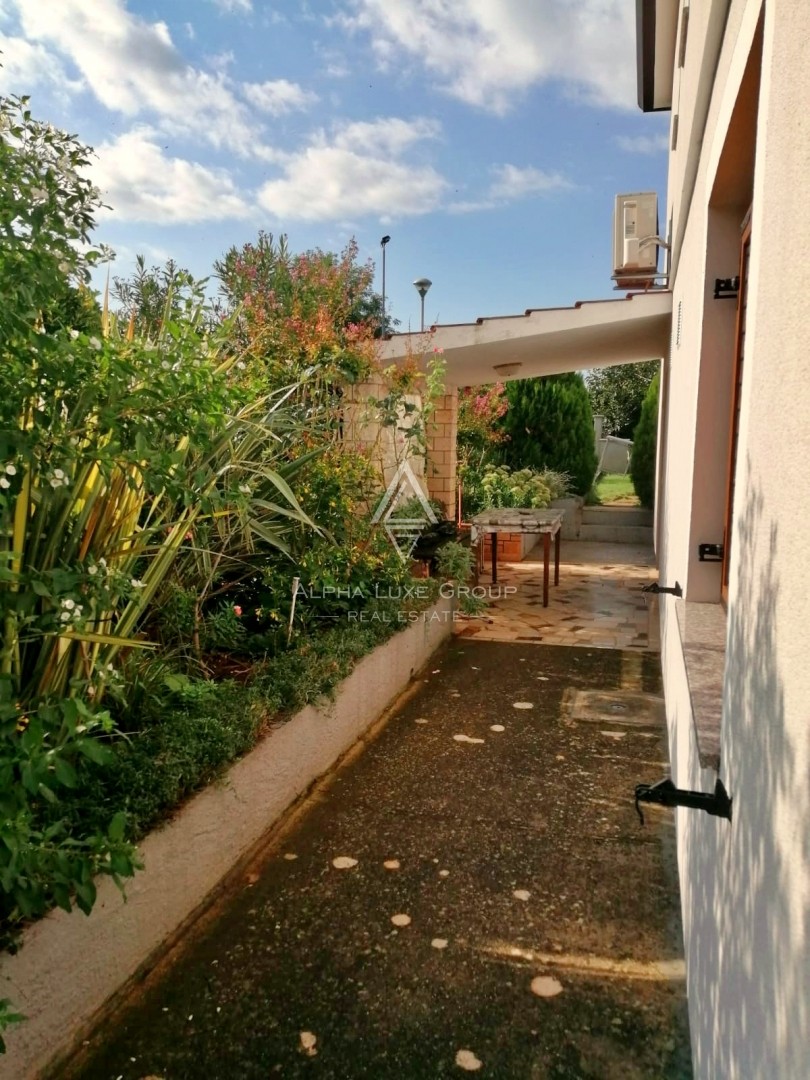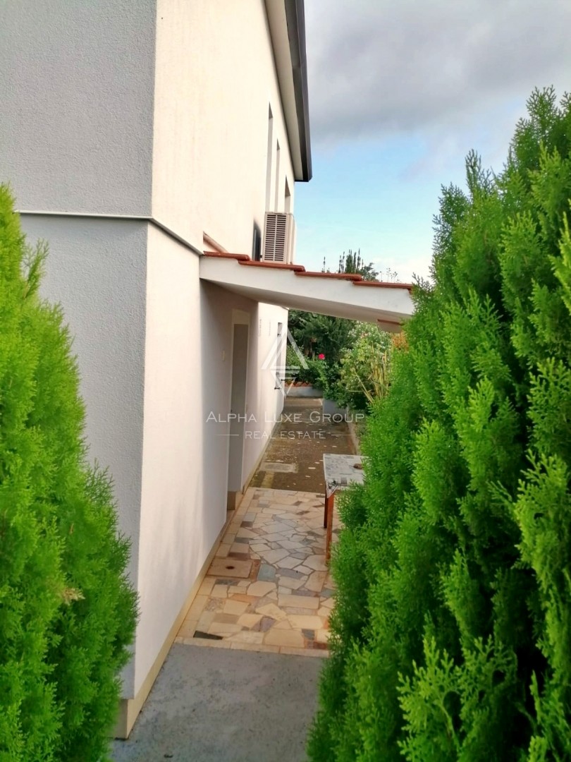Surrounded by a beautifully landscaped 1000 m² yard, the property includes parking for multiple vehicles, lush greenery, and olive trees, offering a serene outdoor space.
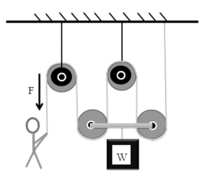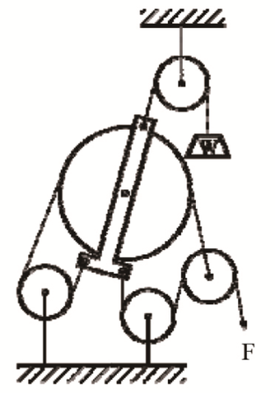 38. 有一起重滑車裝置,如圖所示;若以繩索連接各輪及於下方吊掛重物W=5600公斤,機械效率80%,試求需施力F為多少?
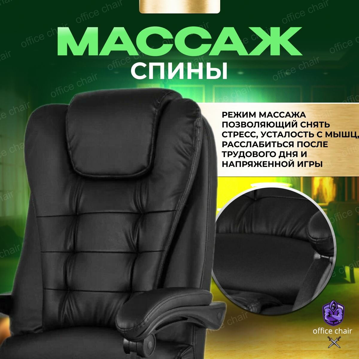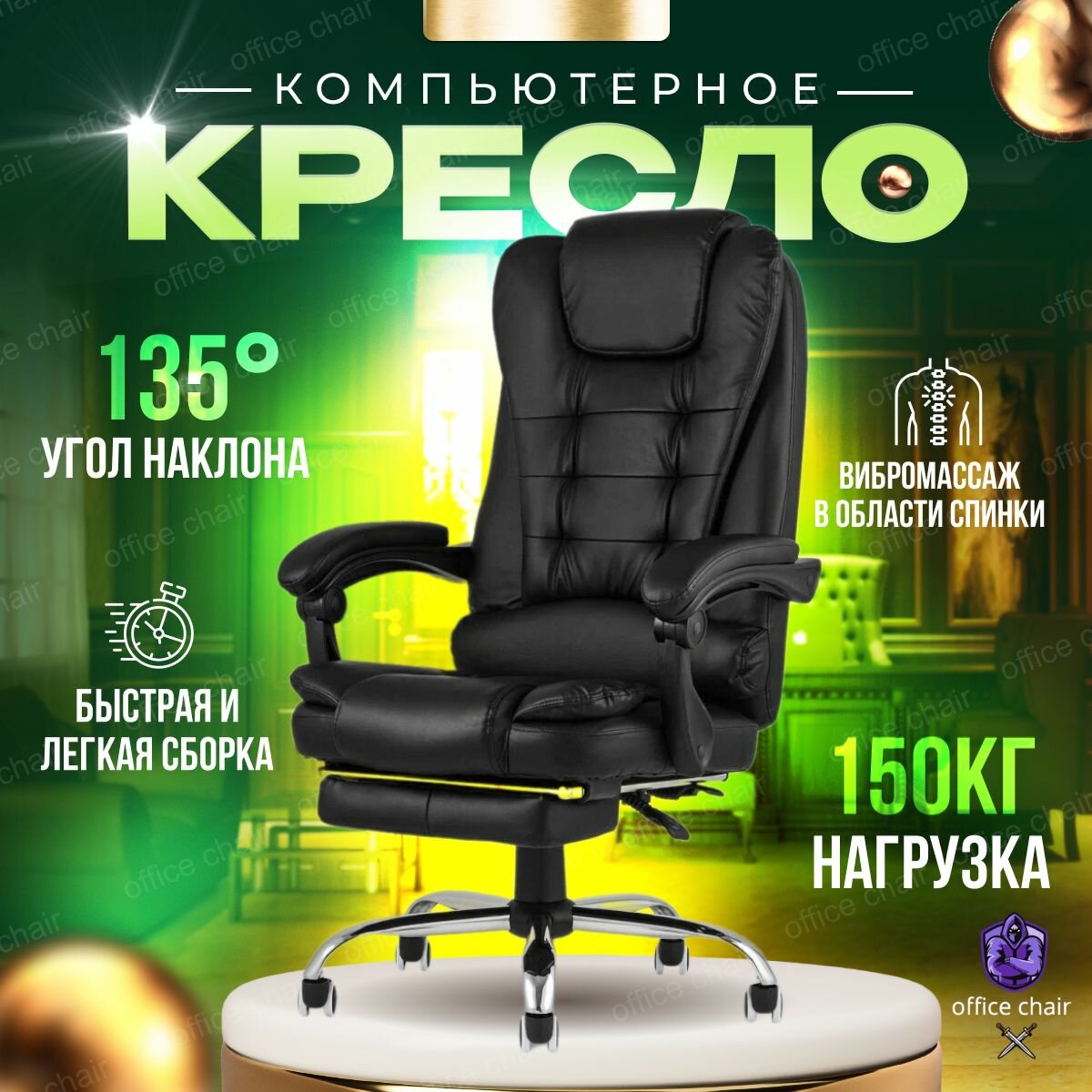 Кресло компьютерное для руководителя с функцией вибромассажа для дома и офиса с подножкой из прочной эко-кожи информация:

DIRECTIONS ->
Reproduce nothing but the lines from the line containing "38. 有一起重滑車裝置,如" through the last line of the data above, exactly as written and without pictures.

YOUR RESPONSE ->
 38. 有一起重滑車裝置,如圖所示;若以繩索連接各輪及於下方吊掛重物W=5600公斤,機械效率80%,試求需施力F為多少?
 Кресло компьютерное для руководителя с функцией вибромассажа для дома и офиса с подножкой из прочной эко-кожи информация:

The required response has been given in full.